Domino Sugar Factory redesign unveiled

The long-awaited redevelopment design for the Domino Sugar Factory was unveiled today by Two Trees Management, whose vision for the 11-acre stretch along the Williamsburg waterfront consists of a row of sleek, open-air, and uniquely designed buildings that include a mix of commercial and residential units, plus landscaped public green space.

Two Trees paid $185 million to CPC Resources to take over as developer of the site in the summer of 2012; their new plan is estimated to cost $1.5 billion to develop.

The plan is for a waterfront lined with narrow towers, one of them connected by ground-floor and mid-air bridges — leaving it looking like giant, aesthetically-pleasing, rectangular donut — surrounded by a waterfront park and public plaza. Compared to the previous plan from CPC, there would be 60 percent more open space, more office space, and shared access to housing amenities by both high- and low-rent residents.

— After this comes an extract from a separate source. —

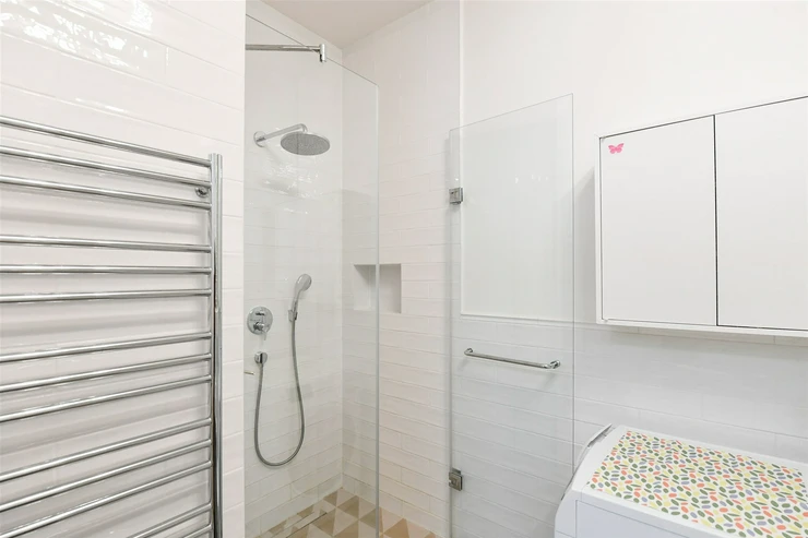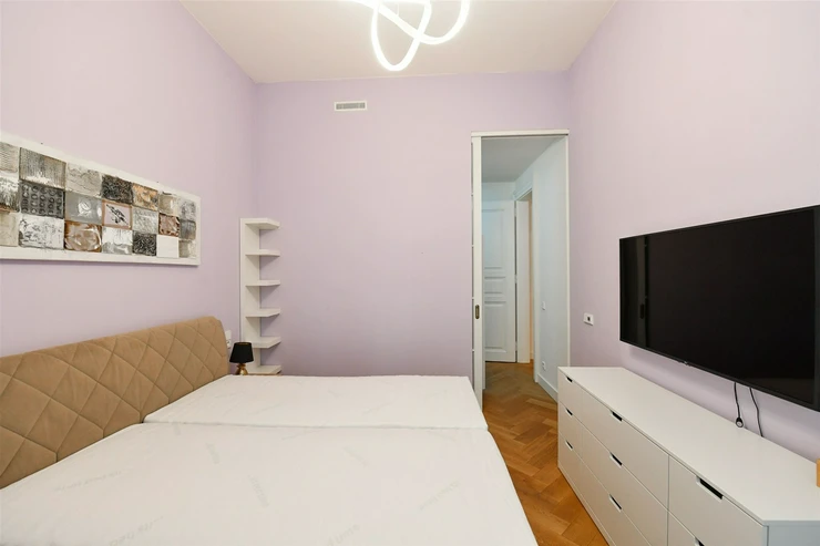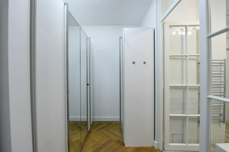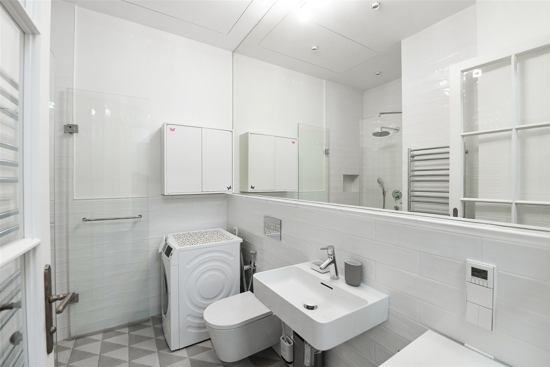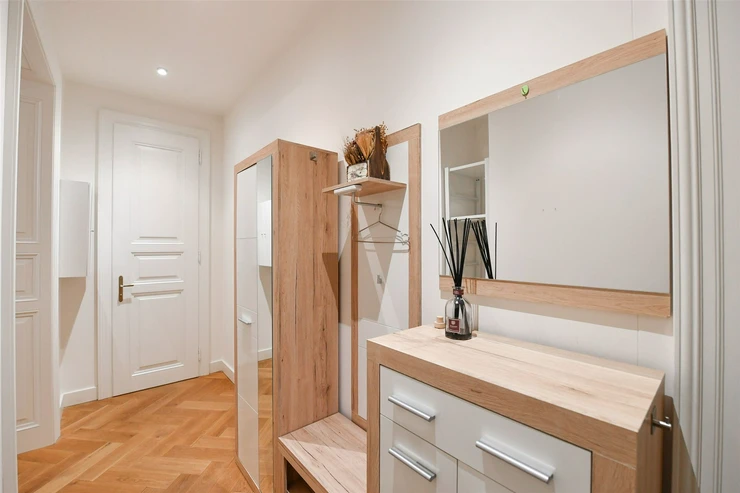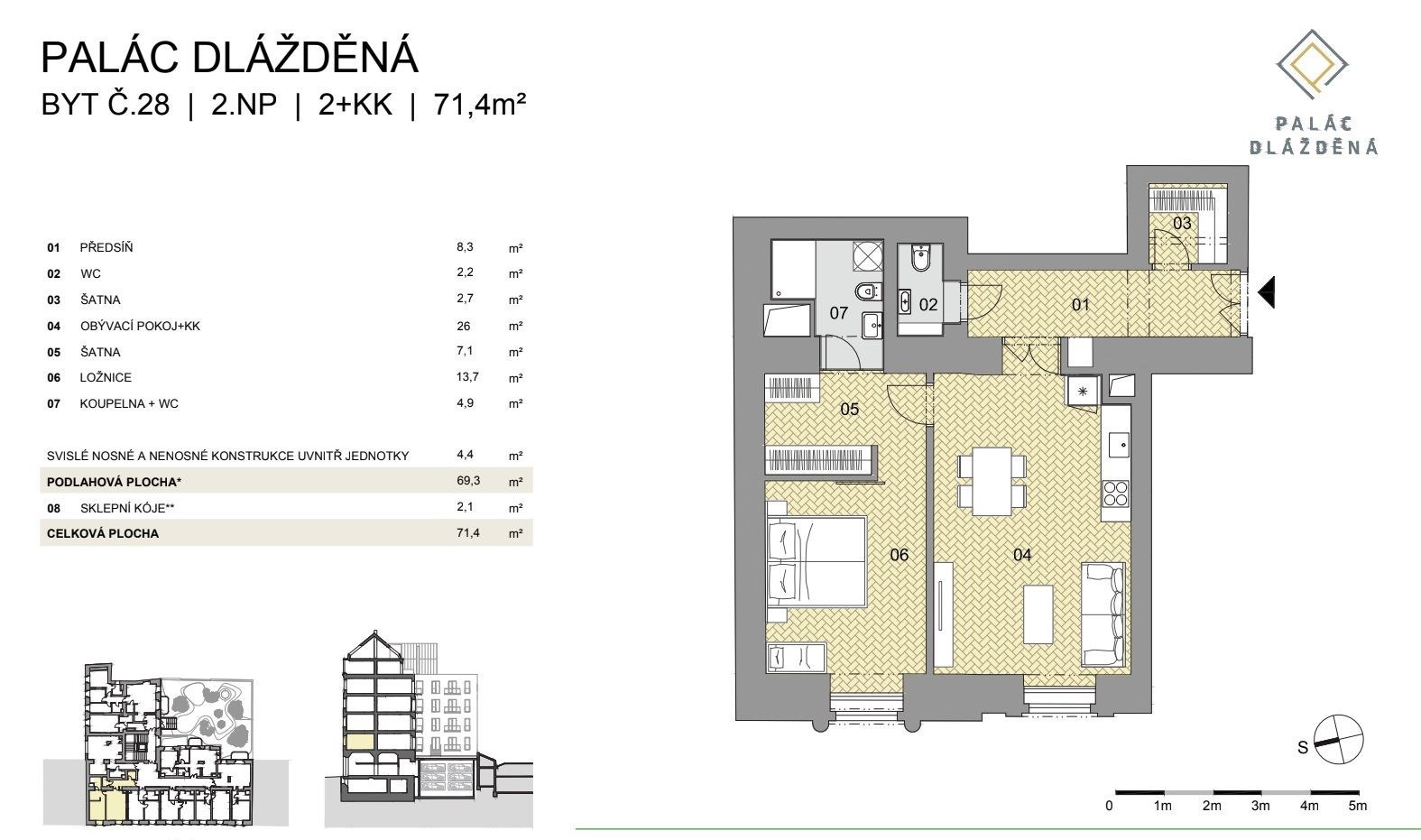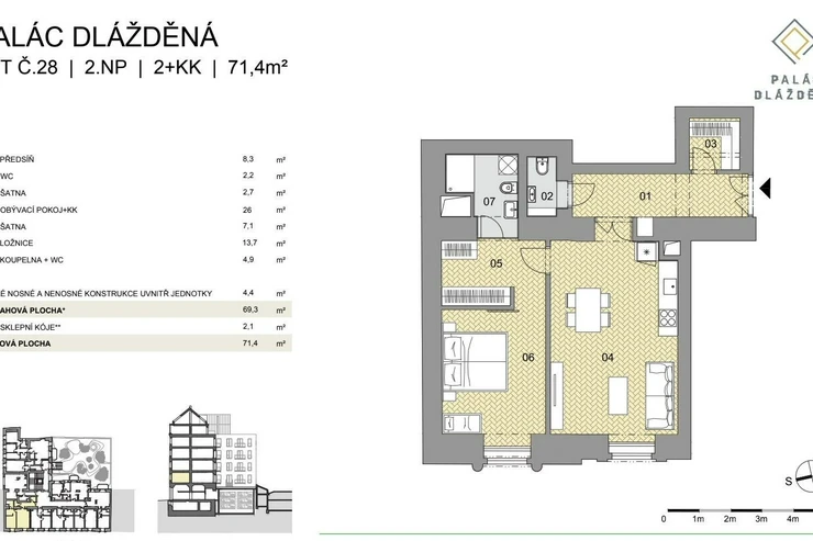 The spacious 2+kk apartment of 70m2 features an entrance hall, a living room with a fully equipped kitchenette, a bedroom with a dressing room, a bathroom with a shower and toilet, a second separate toilet, and a pantry/dressing room.

The renderings were designed by SHoP Architects — of Barclays Center, B2 at the Atlantic Yards, and Pier 17 Seaport fame — which describes it as a vision for “a new skyline for Brooklyn” that has the landmark Domino Sugar refinery building as “the nerve center of the project as a new office building across from a new public space, Domino Square.”

The Domino Sugar sign will remain intact and represent the incorporation of the historic past with the intended innovative future.

Two Trees hopes to get ULURP approval of the plan by this April so that they can begin construction on the first building in 2014. The project would take around a decade to complete.